§ Stored dataset items:
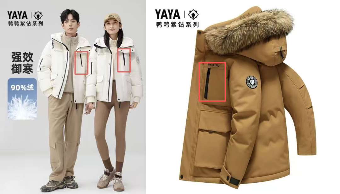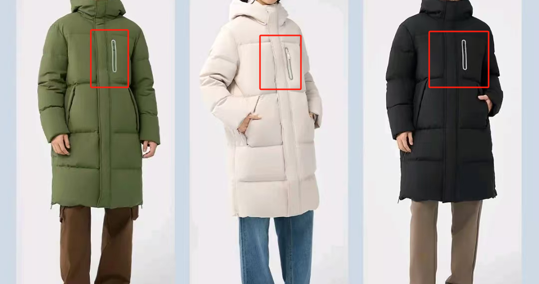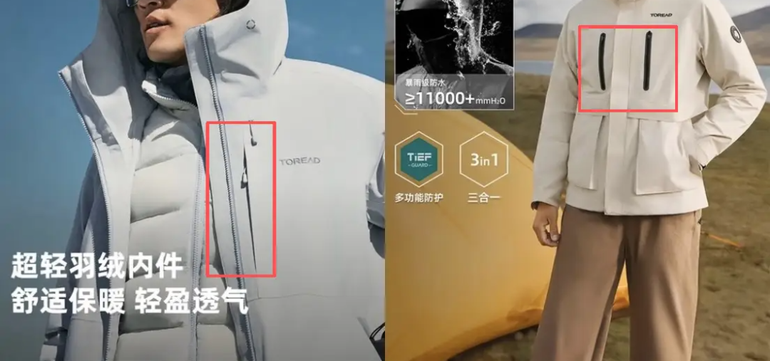 羽绒服、登山服、冲锋衣等外衣上,齐可见这种口袋的身影。比如,鸭鸭的两款羽绒服胸前就齐有竖口袋。
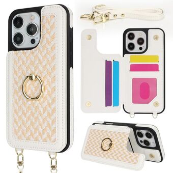 For iPhone 16 Pro Double Bckle Card Slot Full Coverage Phone Case with Cross-body Strap(White)
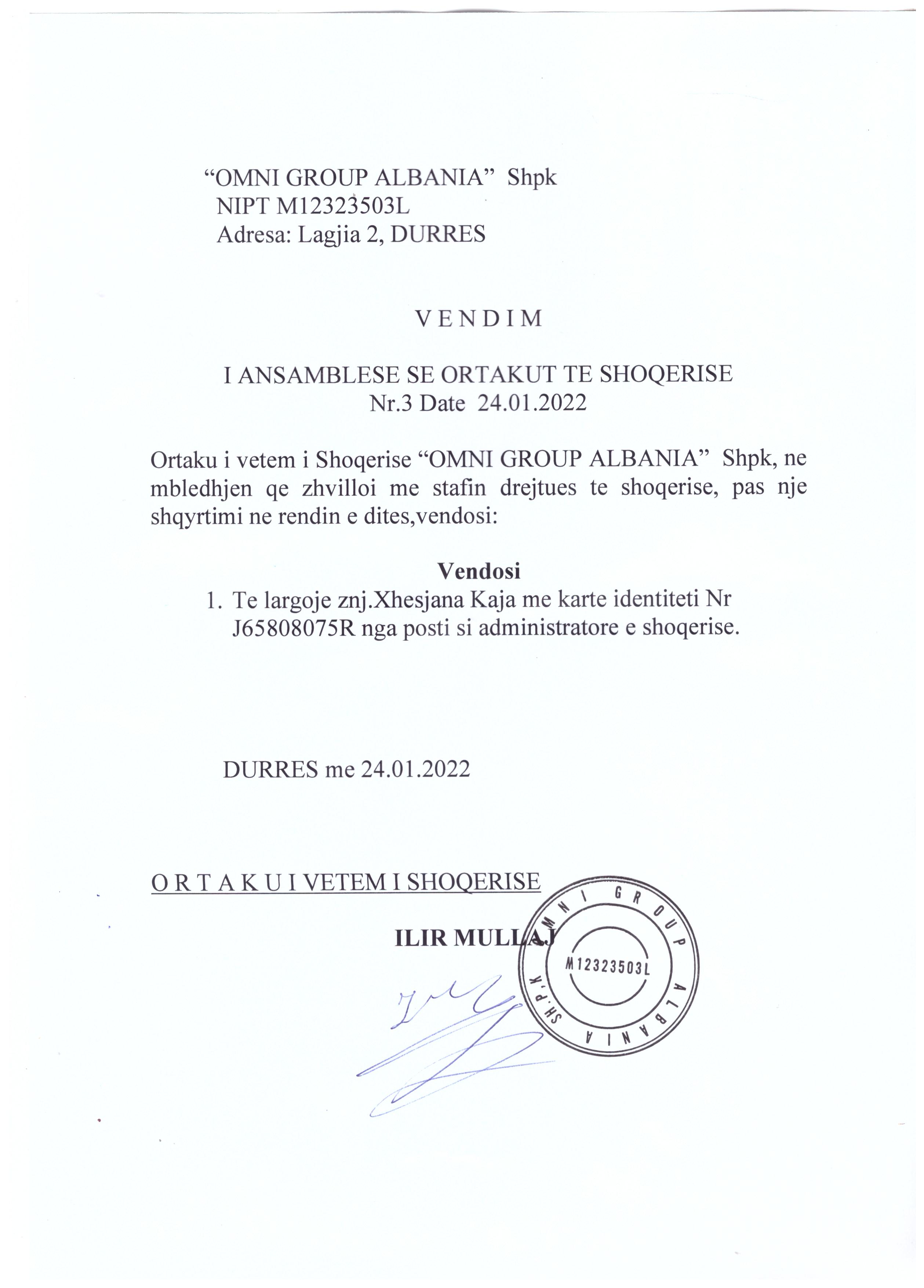 → Ekstrakti Historik i Regjistrit Tregtar date 15.03.2022 → Akt themelimi i Shoqerise → Vendimi i asamblese se pergjithshme date 05.01.2022 → Vendimi i asamblese se pergjithshme date 24.01.2022 |
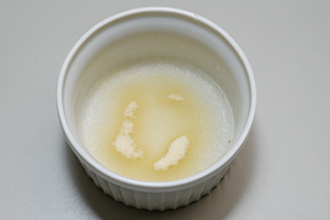 小さなボウルに水を入れ、粉ゼラチンを振り入れてふやかす
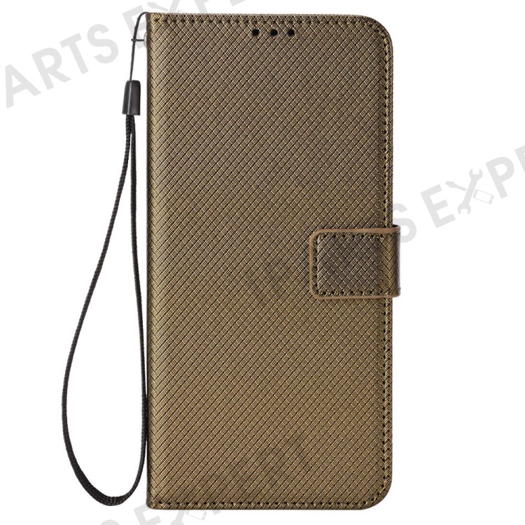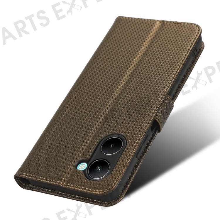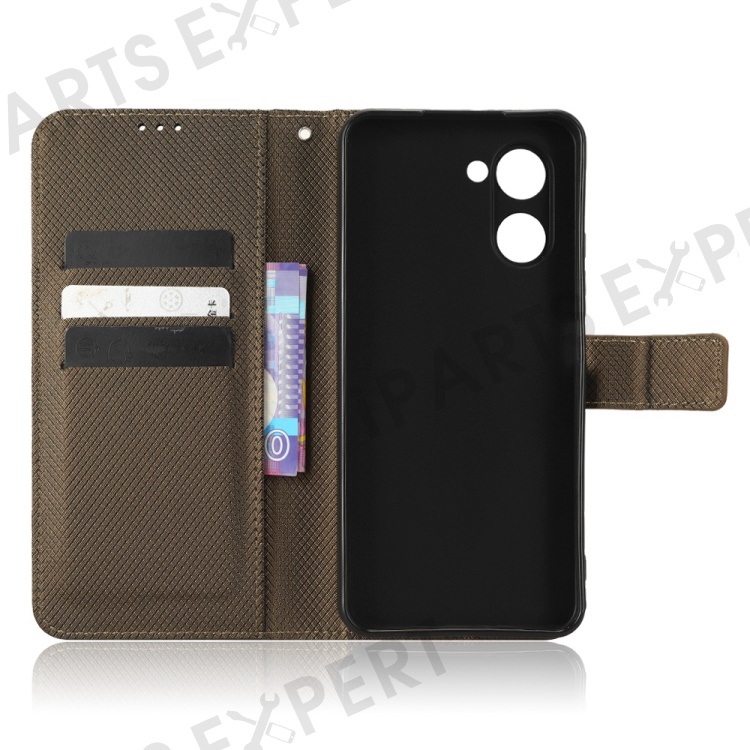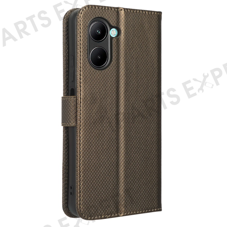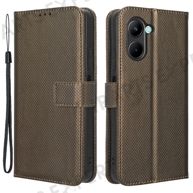 For Realme C33 4G Diamond Texture PU Leather Flip Phone Case Wallet Stand Design Folio Cover with Strap - Brown
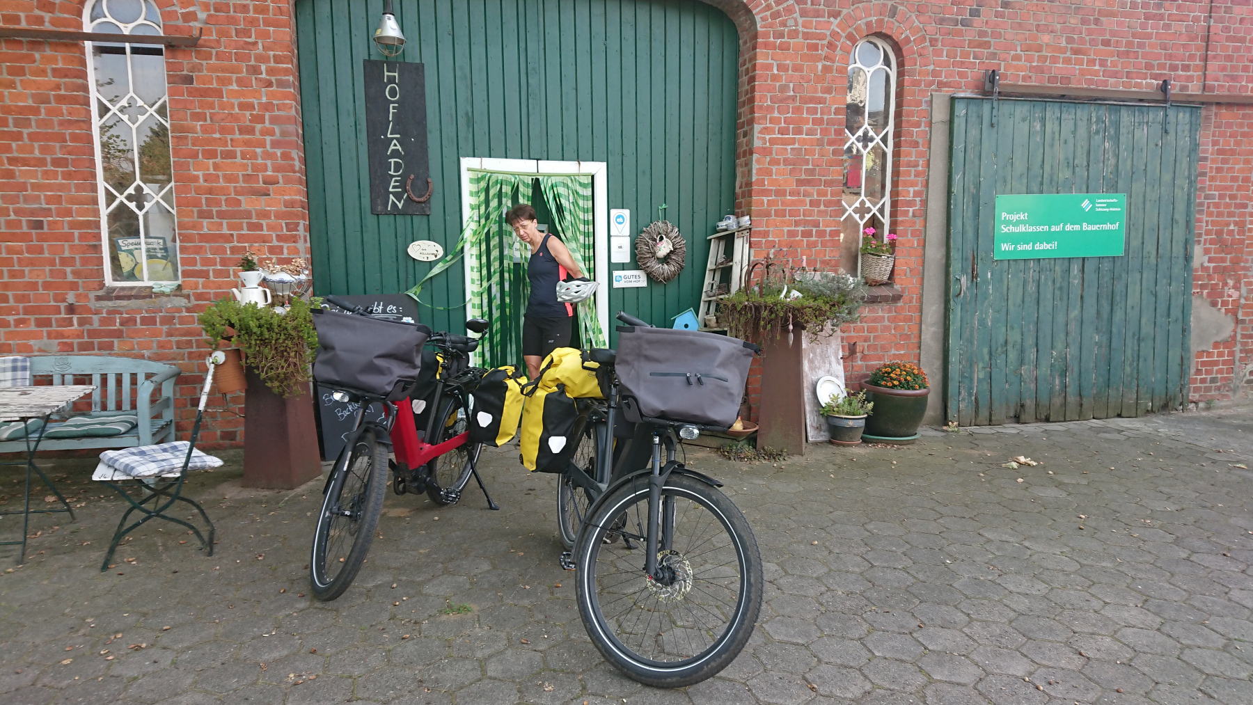 Kurz nach halb zehn – wir haben gut gefrühstückt, einen kleinen Plausch mit dem anderen Gast im “Kuhblick” gehabt – sind wir abfahrbereit. Heute geht es durch den Naturpark Aukrug über Hohenweststedt zum Nord-Ostsee-Kanal, dem wir dann ein Stück folgen werden. Von Rendsburg an geht es nach Norden Richtung Schleswig und unser heutiges Ziel ist das Örtchen Silberstedt. Es sind wieder etwas mehr als 90km geplant.
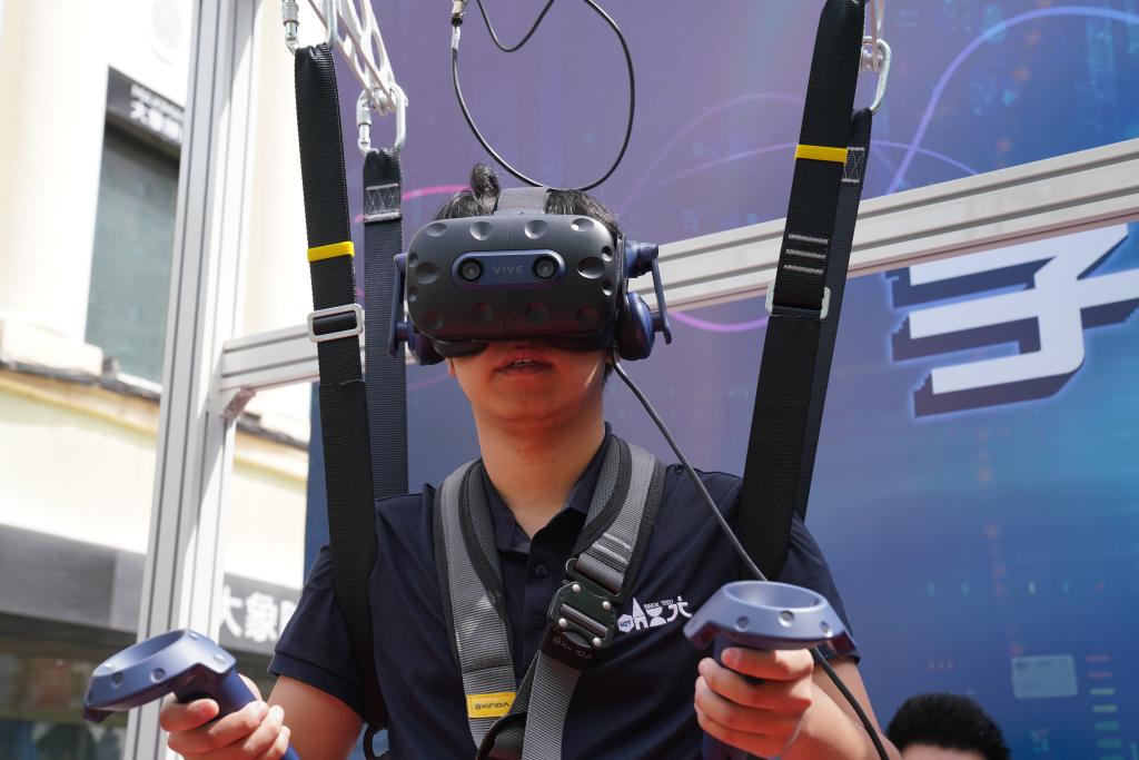A team member displays an immersive micro-gravity experience system during an exhibition showcasing innovation and entrepreneurship achievements among college students from the Harbin Institute of Technology on the Central Street in Harbin, northeast China's Heilongjiang Province, May 13, 2024. (Xinhua/Wang Song)

§ ABOUT THIS EXERCISE: Each record above should be returned unchanged, except that the pictures are dropped.

§ TASK OUTPUT:
 羽绒服、登山服、冲锋衣等外衣上,齐可见这种口袋的身影。比如,鸭鸭的两款羽绒服胸前就齐有竖口袋。
 For iPhone 16 Pro Double Bckle Card Slot Full Coverage Phone Case with Cross-body Strap(White)
 → Ekstrakti Historik i Regjistrit Tregtar date 15.03.2022 → Akt themelimi i Shoqerise → Vendimi i asamblese se pergjithshme date 05.01.2022 → Vendimi i asamblese se pergjithshme date 24.01.2022 |
 小さなボウルに水を入れ、粉ゼラチンを振り入れてふやかす
 For Realme C33 4G Diamond Texture PU Leather Flip Phone Case Wallet Stand Design Folio Cover with Strap - Brown
 Kurz nach halb zehn – wir haben gut gefrühstückt, einen kleinen Plausch mit dem anderen Gast im “Kuhblick” gehabt – sind wir abfahrbereit. Heute geht es durch den Naturpark Aukrug über Hohenweststedt zum Nord-Ostsee-Kanal, dem wir dann ein Stück folgen werden. Von Rendsburg an geht es nach Norden Richtung Schleswig und unser heutiges Ziel ist das Örtchen Silberstedt. Es sind wieder etwas mehr als 90km geplant.
A team member displays an immersive micro-gravity experience system during an exhibition showcasing innovation and entrepreneurship achievements among college students from the Harbin Institute of Technology on the Central Street in Harbin, northeast China's Heilongjiang Province, May 13, 2024. (Xinhua/Wang Song)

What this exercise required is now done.